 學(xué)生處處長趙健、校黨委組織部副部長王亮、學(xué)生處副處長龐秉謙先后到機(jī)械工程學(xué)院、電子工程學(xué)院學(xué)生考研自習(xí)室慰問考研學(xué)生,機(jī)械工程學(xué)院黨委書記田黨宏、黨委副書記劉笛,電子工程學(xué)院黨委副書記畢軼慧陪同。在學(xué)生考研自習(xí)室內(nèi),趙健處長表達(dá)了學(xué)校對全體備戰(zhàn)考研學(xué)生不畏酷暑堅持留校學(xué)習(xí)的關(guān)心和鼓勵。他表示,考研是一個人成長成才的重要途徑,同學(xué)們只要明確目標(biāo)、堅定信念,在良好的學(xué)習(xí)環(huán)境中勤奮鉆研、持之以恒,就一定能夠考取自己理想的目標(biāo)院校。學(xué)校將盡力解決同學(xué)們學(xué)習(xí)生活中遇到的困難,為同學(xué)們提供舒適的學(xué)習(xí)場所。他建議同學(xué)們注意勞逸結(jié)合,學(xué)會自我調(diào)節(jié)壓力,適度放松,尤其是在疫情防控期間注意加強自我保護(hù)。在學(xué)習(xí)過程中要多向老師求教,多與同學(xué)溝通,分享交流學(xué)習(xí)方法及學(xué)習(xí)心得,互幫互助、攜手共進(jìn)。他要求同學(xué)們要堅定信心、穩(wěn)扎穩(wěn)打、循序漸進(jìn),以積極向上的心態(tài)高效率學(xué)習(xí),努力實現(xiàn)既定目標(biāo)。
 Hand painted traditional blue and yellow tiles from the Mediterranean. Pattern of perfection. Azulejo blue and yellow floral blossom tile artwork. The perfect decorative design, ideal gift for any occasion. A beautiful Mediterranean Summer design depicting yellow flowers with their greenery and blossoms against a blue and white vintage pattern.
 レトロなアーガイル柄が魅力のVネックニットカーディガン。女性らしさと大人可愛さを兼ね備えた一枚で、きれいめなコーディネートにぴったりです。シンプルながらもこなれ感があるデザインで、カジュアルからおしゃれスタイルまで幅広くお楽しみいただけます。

---

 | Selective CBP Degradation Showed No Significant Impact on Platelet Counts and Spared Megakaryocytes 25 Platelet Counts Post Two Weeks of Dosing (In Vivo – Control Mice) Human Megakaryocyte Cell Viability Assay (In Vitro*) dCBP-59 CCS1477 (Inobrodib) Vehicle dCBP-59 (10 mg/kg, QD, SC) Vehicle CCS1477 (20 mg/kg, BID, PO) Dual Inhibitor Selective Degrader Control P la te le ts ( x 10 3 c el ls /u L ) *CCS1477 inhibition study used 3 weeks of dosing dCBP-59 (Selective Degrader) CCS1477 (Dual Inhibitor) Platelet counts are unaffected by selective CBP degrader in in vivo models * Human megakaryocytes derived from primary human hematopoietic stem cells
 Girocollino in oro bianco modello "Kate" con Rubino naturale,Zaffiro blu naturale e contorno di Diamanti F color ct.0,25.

WHAT THE EXERCISE ASKS: Among the records above, extract exactly the lines from the line with "Hand painted traditional" to the line with "レトロなアーガイル柄が魅力の", both lines included, and leave out the rest.

TASK SOLUTION:
 Hand painted traditional blue and yellow tiles from the Mediterranean. Pattern of perfection. Azulejo blue and yellow floral blossom tile artwork. The perfect decorative design, ideal gift for any occasion. A beautiful Mediterranean Summer design depicting yellow flowers with their greenery and blossoms against a blue and white vintage pattern.
 レトロなアーガイル柄が魅力のVネックニットカーディガン。女性らしさと大人可愛さを兼ね備えた一枚で、きれいめなコーディネートにぴったりです。シンプルながらもこなれ感があるデザインで、カジュアルからおしゃれスタイルまで幅広くお楽しみいただけます。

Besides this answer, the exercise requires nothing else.